Inizio dell’osservazione oggi


Studio di coorte retrospettivo o storico: oggi vengono identificati i gruppi di persone (malati e non malati)
che sono stati esposti nel 1970 al fattore supposto come causa della malattia, vengono seguiti rintracciando
i dati relativi al periodo 1970-oggi.

Studio di coorte prospettico:oggi vengono identificati gruppi di esposti e non esposti all’agente in causa e
seguiti fino al 2020, valutando la frequenza della malattia.
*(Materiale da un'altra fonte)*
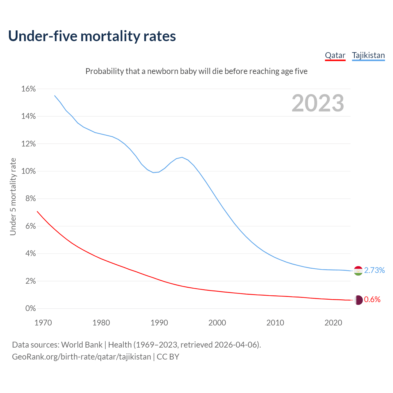 The chance that a newborn baby will die before reaching age five is 0.6% in Qatar and 2.73% in Tajikistan. Above is a chart with historical data on under-five mortality rates.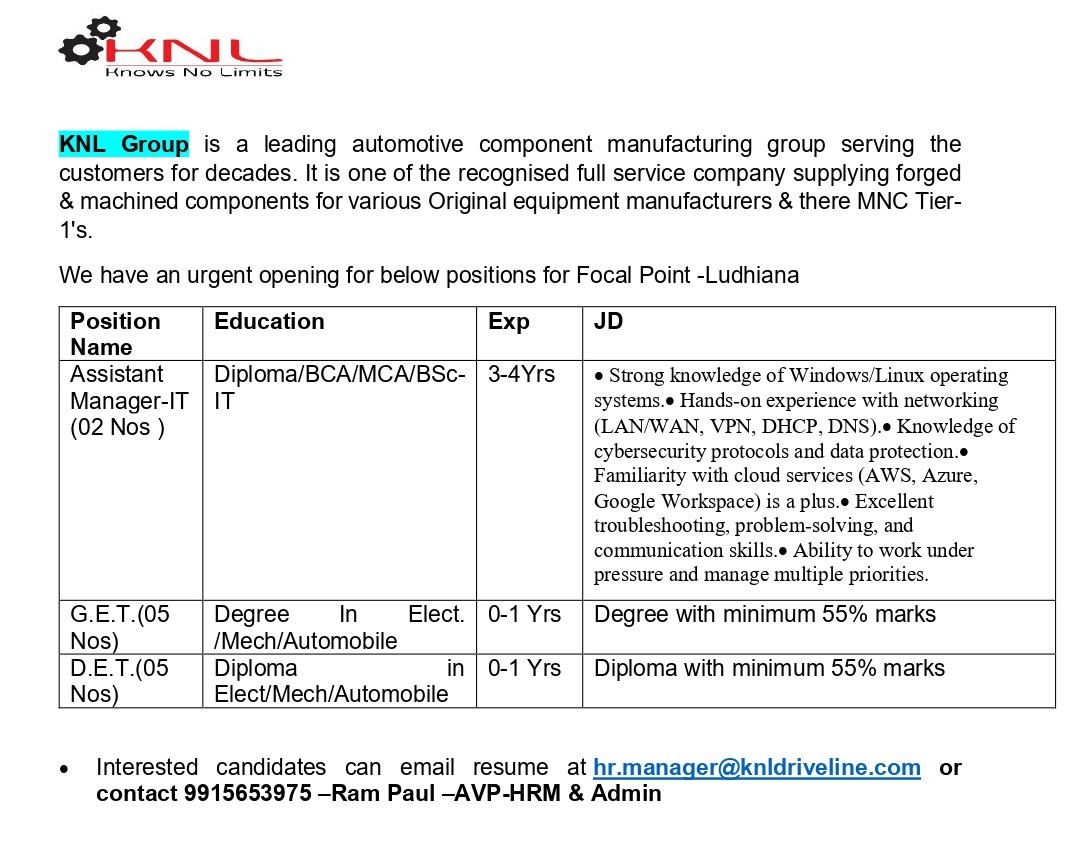 KNL Group Vacancy 2025 | Diploma / BCA/MCA/BSc-IT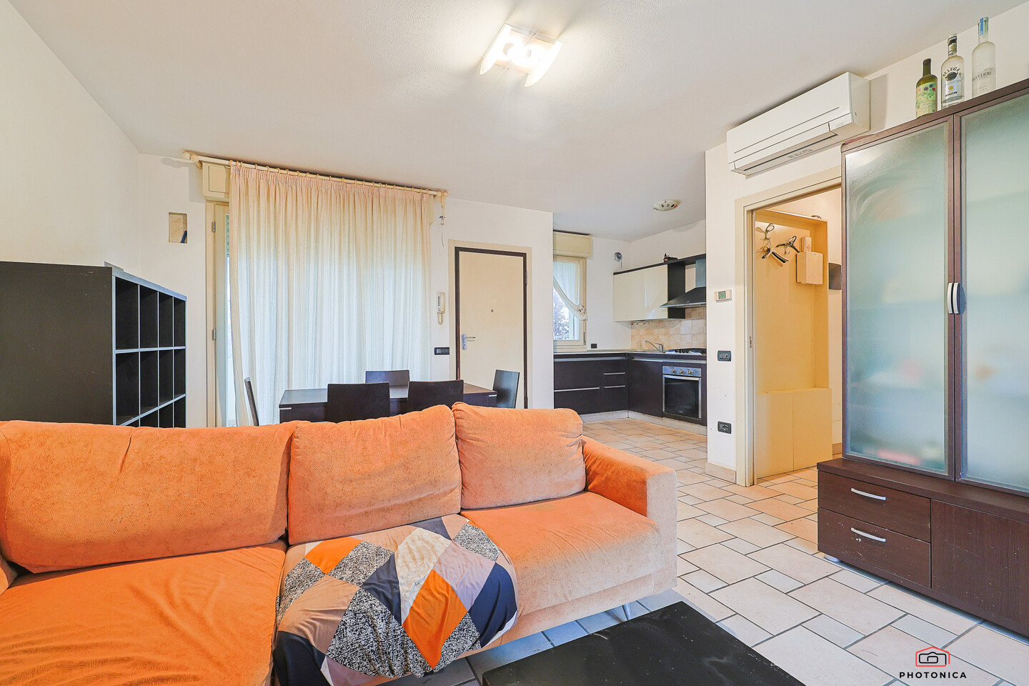 L’immobile si trova in una villa di sole tre unità e offre ambienti curati e funzionali. L’abitazione dispone di un luminoso soggiorno open-space con angolo cottura e accesso diretto al giardino, una camera matrimoniale, una camera doppia e un bagno finestrato con box doccia. Completa la proprietà un posto auto al primo piano interrato e una cantina.
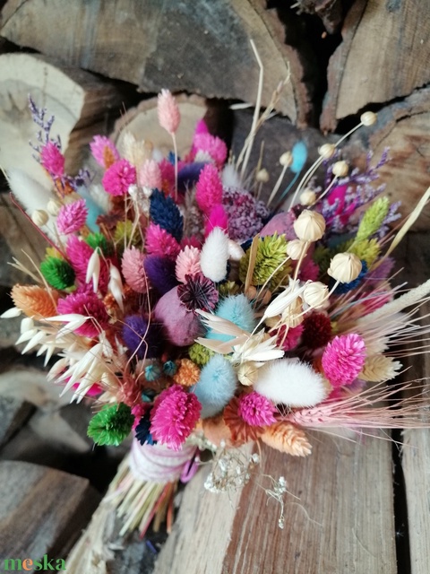 Színes szárított virágokból készült bohó menyasszonyi csokor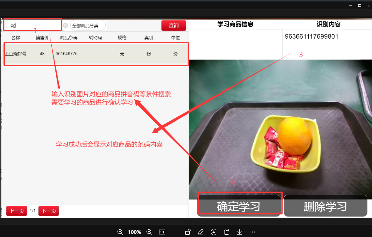 1.2输入需要学习的商品名或商品条码等条件进行搜索商品,确定需要学习的商品后点击确定学习,学习成功即可会显示对于商品的条码内容(如下图)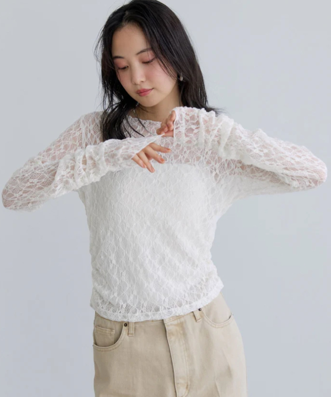 レースが流行りの今年インナーでキャミとサラっと合わせても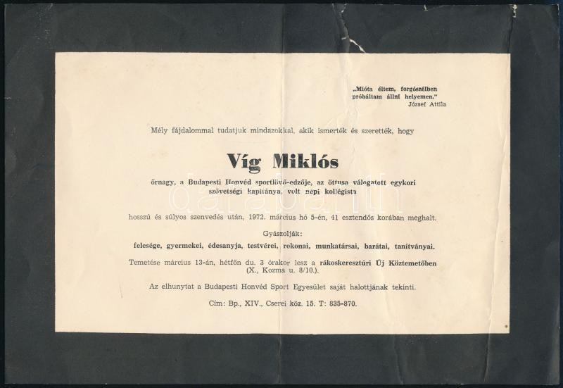 Beschreibung: 1972 Víg Miklós őrnagy, a Bp. Honvéd sportlövő-edzője, az öttusa-válogatott egykori szövetségi kapitányának halotti értesítője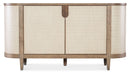 Crisp and current like fashion apparel, the Mélange Arbor Credenza has a two-tone neutral color palette combining Oak Veneers in a medium wood finish on the frame, top and legs with a contrasting canvas crackle in a parchment color on the doors and sides. The two doors have soft-close hinges and magnetic door catches. One adjustable shelf behind the doors.

E’ più affidabile dello studio di coorte
retrospettivo, che invece guarda indietro nel tempo per accertare se i partecipanti risultano essere stati
esposti all’agente preso in considerazione.
Studio di coorte ambi direzionale:inizio dello studio oggi, ricerca storica dell’esposizione, osservazione nel
tempo fino alla comparsa della malattia.

 Ricorda: la differenza tra studio caso-controllo e di coorte è basata sulla


definizione dei gruppi che si confrontano (malati e non malati, esposti e
non esposti) e non su un criterio temporale! Tutti gli studi caso-controllo
sono retrospettivi, ma gli studi di coorte possono essere prospettici e
retrospettivi (storici)

STUDI SPERIMENTALI:

Studi Randomizzati Controllati (RCT randomized controlled study)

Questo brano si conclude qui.